Sunday, September 1, 2013

Don't tinker with me, colds and flu. I am armed!

I have taken this exercise thing to new heights, for me, at least.  That explains why I was in Walmart buying lifting gloves. Those are what weight lifters wear to keep from tearing up their hands on barbells. "Wimps" my daughter said. I should note she has been a rower, and a pretty good one, at that. "They should just pound their hands to numb them. And if the cuts are too deep, just put in a little SuperGlue." Rowers are seldom hand models.

Listen, Sugarplum, I thought , if you knew how much I can bench press, you'd be calling me Mom Ma'am.

"Well, I sometimes have to shake as lot of hands, " I said, "and I don't want them to feel like I'm a stable hand in my free time."

"You still shake hands?" she asked in amazement? "That is so germy.  Everyone I know just hugs."

And blowing your germy breath into someone's neck is more sanitary? I wondered  .

And that brings me to my question. Just what do you know about Goji berry juice? Or Acai berry, for that matter. And does Airborne really work?I have been thinking a lot about contagion lately, ever since the the We Now Have Flu Vaccine sign went up at the Kroger doc-in-a-box.

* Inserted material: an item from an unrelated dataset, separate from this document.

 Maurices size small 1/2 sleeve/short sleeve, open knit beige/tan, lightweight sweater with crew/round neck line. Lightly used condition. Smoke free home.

I  usually deal with cold and flu season by not going out much.  Now that my children are grown and I don't do school related things, and I no longer work with little kids, I can have pleasant solitude for a good part of the winter, which is fine with me.  This fall, however, my calendar is buzzing with unaccustomed activity, the germiest probably being airplane flights and the gym.

Call me flirting with danger, but I have never had a flu shot.  Ever since my mother-in-law nearly died from her flue shot (either the shot, or she got the flu at the doctor's office, also entirely possible) I have avoided the "Elderly should be vaccinated" warnings and the AARP scare literature and have been vaccineless and flueless. But now, I think I may have pressed my luck far enough.

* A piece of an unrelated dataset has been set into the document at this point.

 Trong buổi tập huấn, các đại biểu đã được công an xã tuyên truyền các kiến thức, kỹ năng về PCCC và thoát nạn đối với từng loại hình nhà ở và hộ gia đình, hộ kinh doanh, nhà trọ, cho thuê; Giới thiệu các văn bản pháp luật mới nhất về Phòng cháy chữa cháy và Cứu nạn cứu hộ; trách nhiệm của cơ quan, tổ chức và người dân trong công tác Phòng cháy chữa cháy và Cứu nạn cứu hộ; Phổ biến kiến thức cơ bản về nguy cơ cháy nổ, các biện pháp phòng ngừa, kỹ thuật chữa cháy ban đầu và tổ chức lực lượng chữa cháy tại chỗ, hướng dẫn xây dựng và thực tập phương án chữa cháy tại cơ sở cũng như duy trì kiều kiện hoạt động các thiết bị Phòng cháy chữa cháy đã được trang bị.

I toyed with wearing a mask on the plane. Not some merry Halloween interpretation of Lady GaGa, but one of those staid white medical masks like the Chinese wear in their polluted cities or that Japanese seem to wear just because they know something we don't. That could be a good way to avoid chatting with my seatmate, so it has some appeal.

Of course there will be an excessive amount of hugging and insincere air kissing at my reunion.  If I had known fifty years ago that I would be expected to hug and kiss some of these people, well, let's just say, I would have used them even more cruelly as characters in my books than I already have.  But it's never too late.

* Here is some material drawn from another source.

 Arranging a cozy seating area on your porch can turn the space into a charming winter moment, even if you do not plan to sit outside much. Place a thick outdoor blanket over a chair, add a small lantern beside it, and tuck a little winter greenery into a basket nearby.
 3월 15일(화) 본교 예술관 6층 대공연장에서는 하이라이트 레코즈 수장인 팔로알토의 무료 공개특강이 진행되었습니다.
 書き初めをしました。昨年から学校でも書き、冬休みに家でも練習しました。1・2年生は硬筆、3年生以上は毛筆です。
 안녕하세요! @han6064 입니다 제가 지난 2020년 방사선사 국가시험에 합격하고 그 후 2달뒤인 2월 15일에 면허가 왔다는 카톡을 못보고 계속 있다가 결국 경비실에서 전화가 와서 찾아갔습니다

Anyway, on to the remedies. I posed the question of Goji berry juice to Kay and MaryBeth when we had lunch last week.

"I wouldn't know a Goji berry if it came up and bit me on the leg," Kay said, although perhaps a bit more colorfully.

"Well, an acquaintance of a friend had cancer, and he went into full remission after drinking huge amounts of Goji berry juice for several months," I said.

"So you decided to drink it, too?" Kay was unimpressed. Kay had cancer, too, and she got rid of it after chemo and a diet of eggs fried in bacon fat.

"Well, yes, sort of, " I said. "But only 3 ounces a day. It doesn't taste bad."

"Boy, are you a sucker." Kay dug into her unusually healthful lunch of sliced steak on a green salad.

"She is," MaryBeth unhelpfully added. "I can attest that she has an entire kitchen drawer full of Green Coffee Bean capsules, which Dr. Oz was peddling."

"Listen, this is not about me. What about Acai berries? Zinc? Super C? "

So, here it is:  I am going to drink my Goji berry juice (a powerful antioxident, everyone agrees on that ) get a shot, take my extra C and maybe take zinc (two people I know swear by it) plus eat all the vitamin loaded good stuff I already swear by, and hope for the best.  And I better not get sick.

But, my daughter put a positive spin on it. "Look at it this way.  You'll just lose those stubborn last 40 pounds a little faster."  Ah, the  annoying cheer of youth.